Safety Profile Of Natrecor Continues To Be Subject Of Controversy And Debate
(Posted by Tom Lamb at DrugInjuryWatch.com)
The results of a large study for Johnson & Johnson's heart failure drug Natrecor failed to prove that its out-patient use in people with severe disease in addition to the current standard treatment regimen was any more beneficial than the standard treatment alone.
According to a March 25, 2007 Reuters article about this Natrecor study:
The company-sponsored, 920-patient trial fell short of its primary goal of showing the drug, Natrecor, could reduce the risk of death or heart and kidney-related hospitalizations. Results were presented on Sunday at an American College of Cardiology meeting in New Orleans.
The trial failed to find a difference between a group of patients getting standard treatment and those getting standard treatment plus Natrecor, known generically as nesiritide and given by infusion....
"The take-home message is, giving (Natrecor) intermittently did not reduce patients' risk of death or hospitalization. The strategy didn't work," said Steven Nissen, chief of cardiology at the Cleveland Clinic and president of the American College of Cardiology.

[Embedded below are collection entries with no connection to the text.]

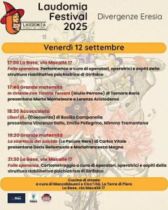 L’edizione 2025 di Laudomia Festival prende ufficialmente il via giovedì 11 settembre e prosegue venerdì 12 e sabato 13 a Cosenza, tra La Base (via Macallè) e le Statue del Museo all’Aperto Bilotti in Corso Mazzini.
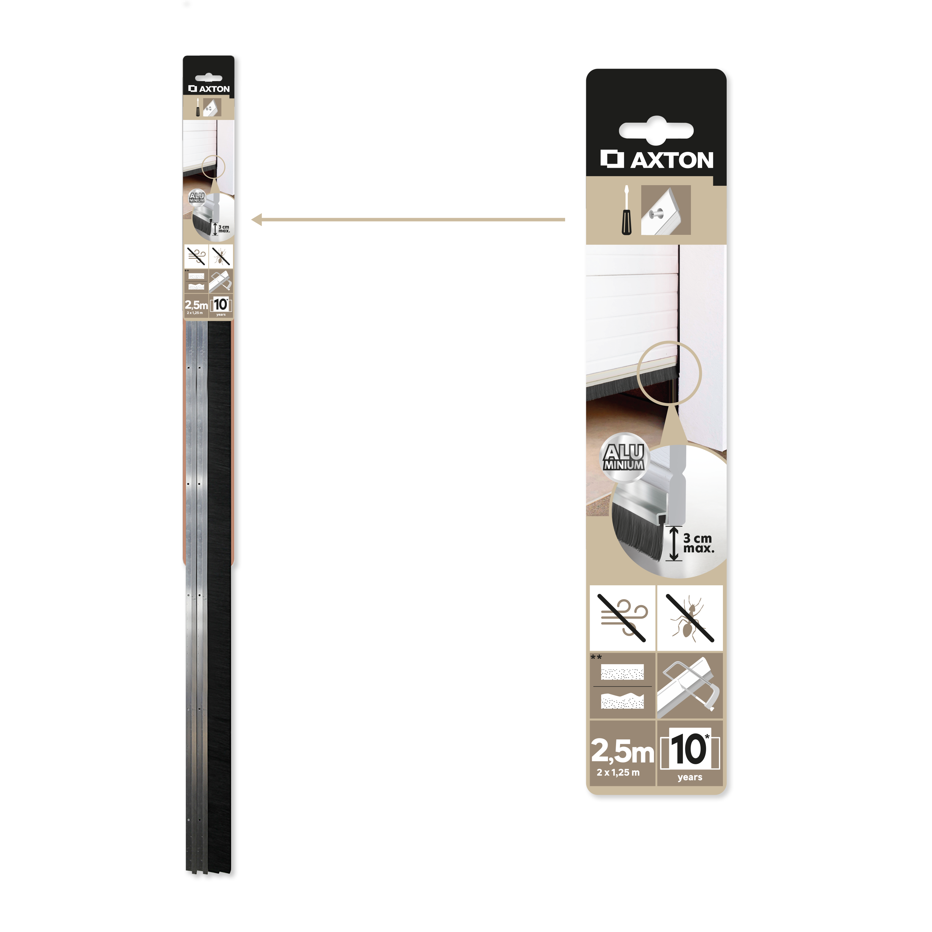 Bajo de puerta de aluminio Axton para colocar en la parte inferior de la puerta del garaje. El perfil de la junta es plano y presenta un tipo de junta en forma de cepillo negro. Uso apto para cualquier tipo de suelo. Aunque se comercializa en piezas con una longitud de 1,25 metros se puede recortar para ajustar en puertas de tamaño inferior. Su fijación es invisible y muy sencilla mediante el empleo de tornillos. Sirve como aislante térmico y acústico, protegiendo tus estancias de corrientes de aire y ciertos ruidos. Medidas: 1,25 m de largo.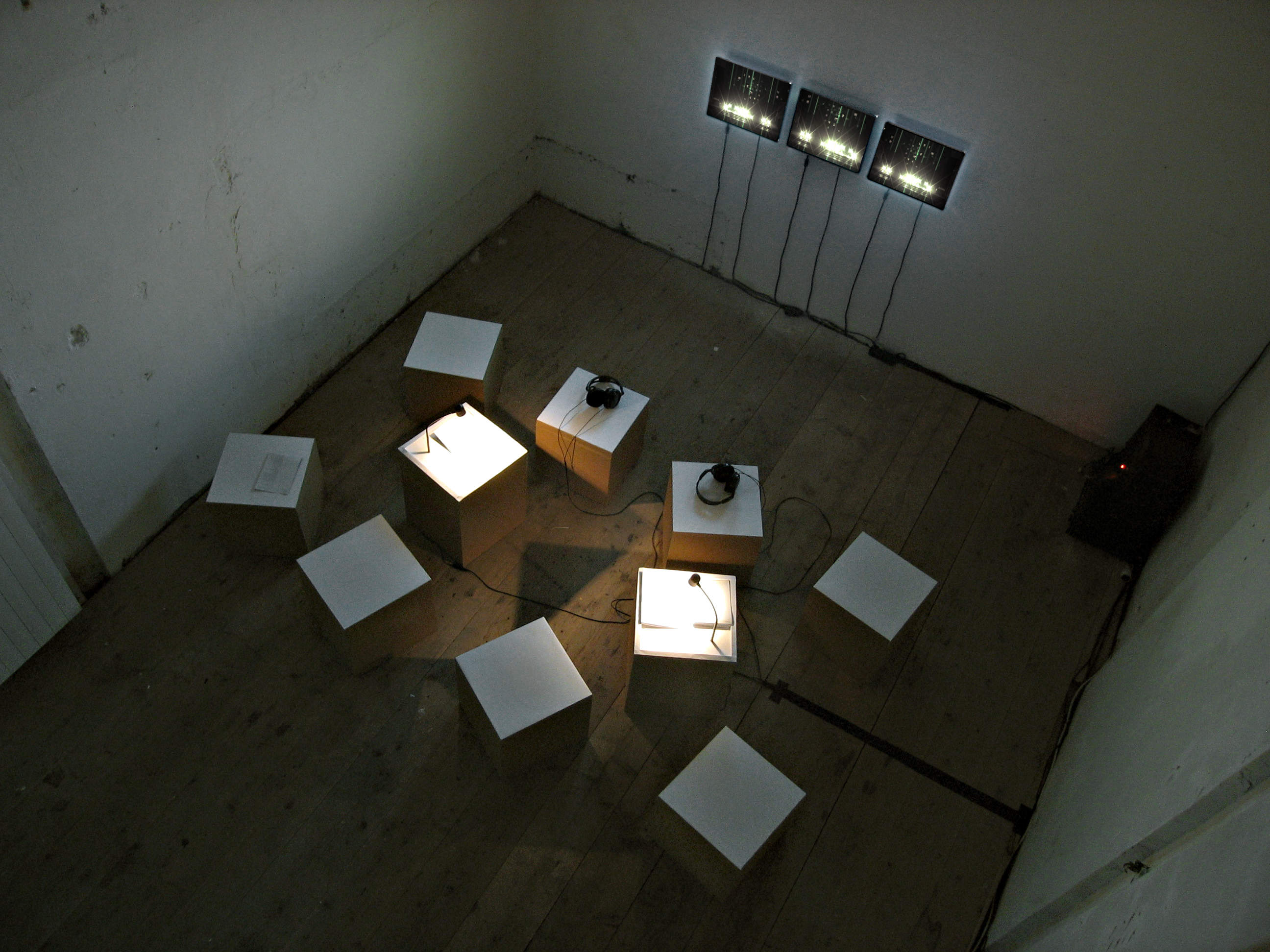 versprengung /text We started off our collaboration with a common will structure. We began with a formal vision that was to bring our individual processes together, and give us clarity and security. But our tendency to quote, to recycle our own sounds ans images, and the pursuit of each our own artistic handwriting changed the structure and eventually dissolved it comoletely. At the end of this process there was a pause, a concentration on the Versprengung, the scattering, which allowed us to let something arise that was outside each of our separate worlds.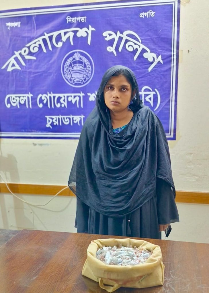 চুয়াডাঙ্গা জেলা পুলিশ গণমাধ্যমে পাঠানো এক প্রেসবিজ্ঞপ্তিতে জানান, চুয়াডাঙ্গা গোয়েন্দা পুলিশের এস আই তোরগুল হাসান সোহাগ, এএসআই(নিঃ) আরিফুল ইসলাম, এএসআই(নিঃ) মোত্তালেব হোসেনের নেতৃত্বে গতকাল সন্ধ্যার দিকে মাদকবিরোধী অভিযান পরিচালনা করা হয়। এ সময় দামুড়হুদার লোকনাথপুর পূর্বপাড়ার শাকিল মিয়ার বাড়ির সামনে থেকে লাবলু মিয়ার মেয়ে লাবনী খাতুনকে আটক করা হয়। পরে তার কাছ থেকে উদ্ধার করা হয় ২৬০পিস প্যাথেড্রিন ইনজেকশন। গ্রেফতারকৃত আসামীর বিরুদ্ধে দামুড়হুদা মডেল মামলা দায়ের করা হয়েছে।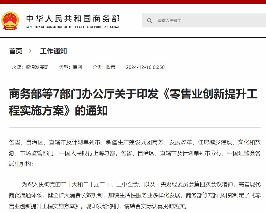 對實體商業(yè)而言,12月16日,商務(wù)部等七部門辦公廳聯(lián)合印發(fā)《零售業(yè)創(chuàng)新提升工程實施方案》(以下簡稱《方案》),旨在推動商業(yè)場景化改造、多元化業(yè)態(tài)融合創(chuàng)新、品質(zhì)化產(chǎn)品和服務(wù)供給、數(shù)字化賦能、產(chǎn)業(yè)鏈協(xié)同降本增效。

Natrecor is sold by the Johnson & Johnson subsidiary Scios. Natrecor is approved to treat patients with heart failure serious enough to have them admitted to a hospital. In recent years there has been growing concern about its "off-label, or unapproved, use in patients outside the hospital, i.e., out-patient setting. In addition, several studies have suggested that Natrecor may actually increase the risk of death and worsen kidney function.
There was some debate about whether this recent study did anything to alleviate those concerns about the safety profile of Natrecor. From the March 25 Reuters article:
The study also found no difference in severe side effects between both patient groups. The drug's supporters hope that result will allay safety concerns among doctors about its use....
...Scios vice president for medical affairs Roger Mills said the study should reassure doctors who cut back on the drug's use when the negative studies came to light several years ago.
"There is no hint of a problem with renal function or mortality. I think for the most part physicians should find these data very reassuring," Mills said.
But doctors on a panel discussing the study disputed the claim that the drug can be declared safe as a result of the study, noting there were more drug-related side effects in the Natrecor group. And there was a trend toward more days alive outside the hospital in the placebo group.
"I'm a little perplexed about your conclusions that this drug is safe," one panel member said.
In response to inquiries about the results of this Natrecor study, Scios said it had not decided, yet, whether the company will continue to test the efficacy and safety of Natrecor use in any out-patient setting.